Gaza : sous les gravats, la plage ?

Benjamin Netanyahu se souviendra sans doute de son quatorzième voyage à Washington. Certes, il a eu l’honneur d’être le premier chef d’État étranger reçu à la Maison-Blanche, à peine trois semaines après l’investiture de Donald Trump. Mais le Premier ministre israélien redoutait que cette rencontre ne tourne au vinaigre, tant les positions des deux hommes semblaient, a priori, opposées sur l’avenir de Gaza.

Il n’en fut rien. La réunion fut marquée par l’annonce fracassante de Trump : un projet de Gaza américanisée, vidée de ses réfugiés, de ses terroristes, de ses otages et de ses tunnels, pour devenir une sorte d’annexe de la Floride. Indignation dans les capitales arabes, stupeur en Europe… mais soupir de soulagement chez Netanyahu.

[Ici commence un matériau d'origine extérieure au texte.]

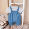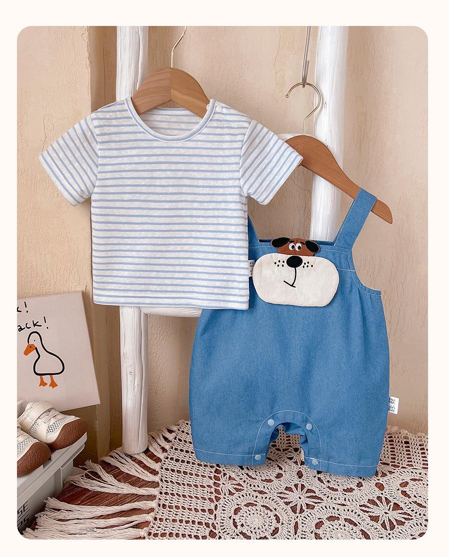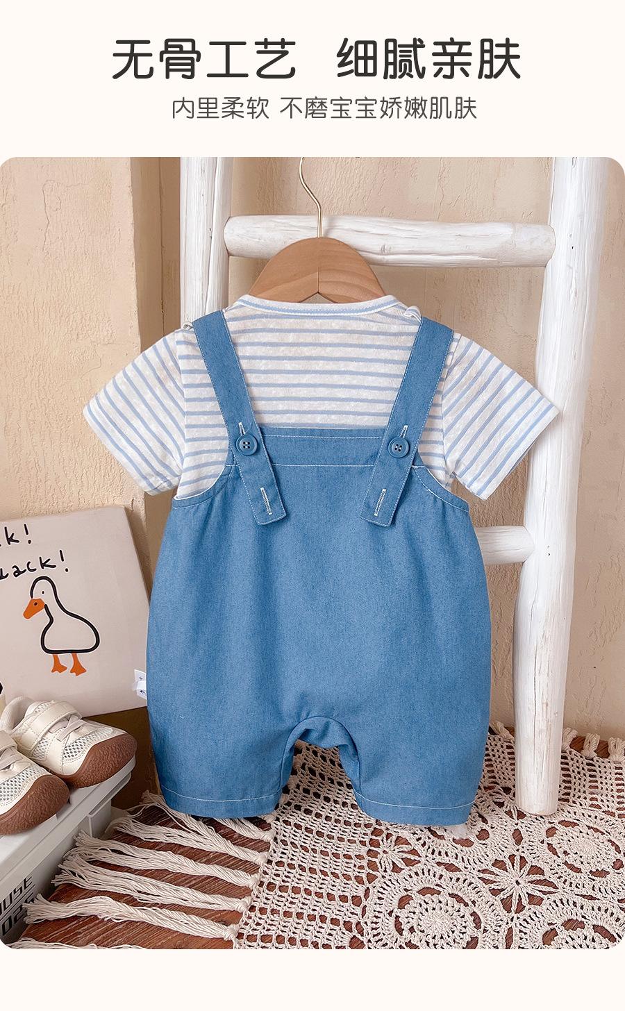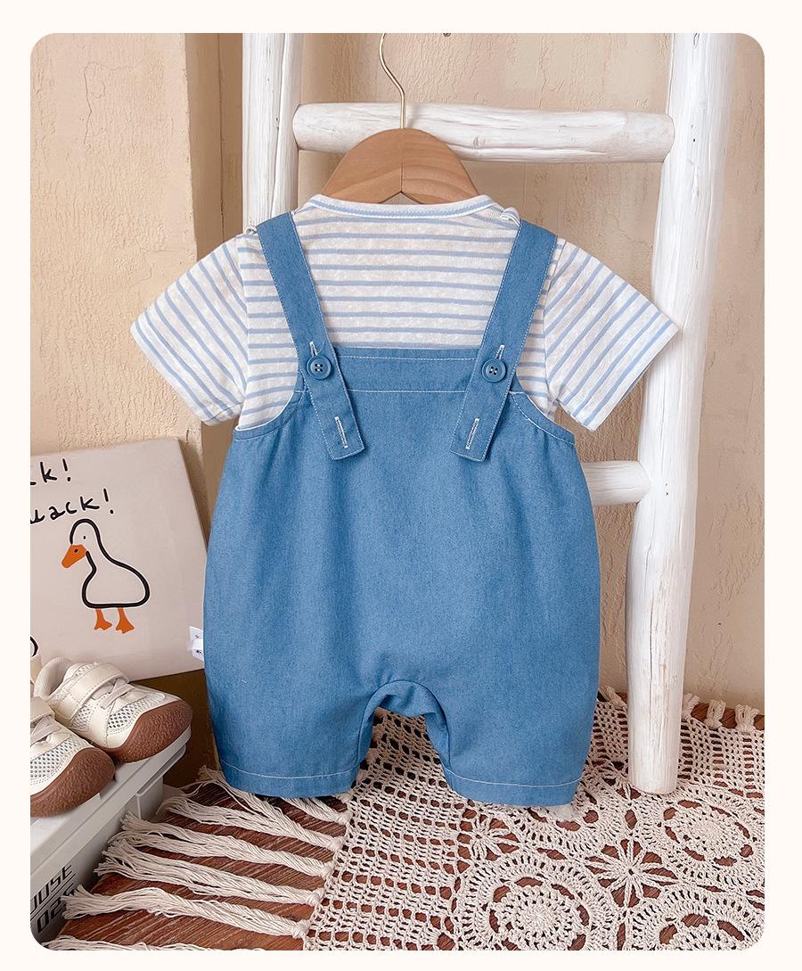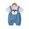 Macacão de verão para bebê menino desenho animado urso super fofo calças com alça envoltório roupas largas listradas estilosas macacão de manga curta

Le chef du gouvernement israélien s’attendait en effet à ce que Trump relance son ambition centrale, celle pour laquelle il rêverait, dit-on, d’un prix Nobel de la paix : relancer les Accords d’Abraham, initiés lors de son premier mandat et que l’attaque du Hamas du 7 octobre avait précisément cherché à torpiller. Pour y parvenir, Trump a besoin du soutien total de l’Arabie saoudite, pays dont il attend également 600 milliards de dollars d’investissements aux États-Unis.

Or, si Mohammed ben Salmane (MBS) ne nourrit aucun affect particulier pour les Palestiniens, il ne peut, en tant que « Gardien des lieux saints de l’Islam », reconnaître Israël sans obtenir au minimum l’ouverture d’un processus diplomatique menant à un État palestinien aux côtés de l’État juif. C’est précisément sur ce point que Netanyahu craignait d’être acculé.

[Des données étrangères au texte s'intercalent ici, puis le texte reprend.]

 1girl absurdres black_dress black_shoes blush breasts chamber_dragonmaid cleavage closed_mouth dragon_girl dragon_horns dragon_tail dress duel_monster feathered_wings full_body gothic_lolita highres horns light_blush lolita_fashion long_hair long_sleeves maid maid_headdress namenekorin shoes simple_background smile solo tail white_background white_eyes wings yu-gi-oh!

D’une part, le traumatisme du 7 octobre a profondément bouleversé la société israélienne, y compris à gauche : comment envisager un État palestinien si celui-ci risque d’être le point de départ d’un nouveau pogrom de masse en Israël ? D’autre part, comment obtenir la libération des otages sans permettre au Hamas de reprendre le contrôle de Gaza et sans provoquer l’explosion de son propre gouvernement ?

Après 15 mois de guerre, le prix des 251 otages ne cesse d’augmenter, alimenté par la souffrance de l’opinion publique. 580 terroristes, dont 200 condamnés pour des attentats sanglants, ont été échangés contre 18 otages (dont cinq ressortissants thaïlandais) libérés lors de la première phase de l’accord conclu le 19 janvier, à la veille de l’investiture de Trump. La deuxième phase, qui s’annonce encore plus coûteuse, prévoit la libération de 64 otages restants, dont la moitié sont probablement morts.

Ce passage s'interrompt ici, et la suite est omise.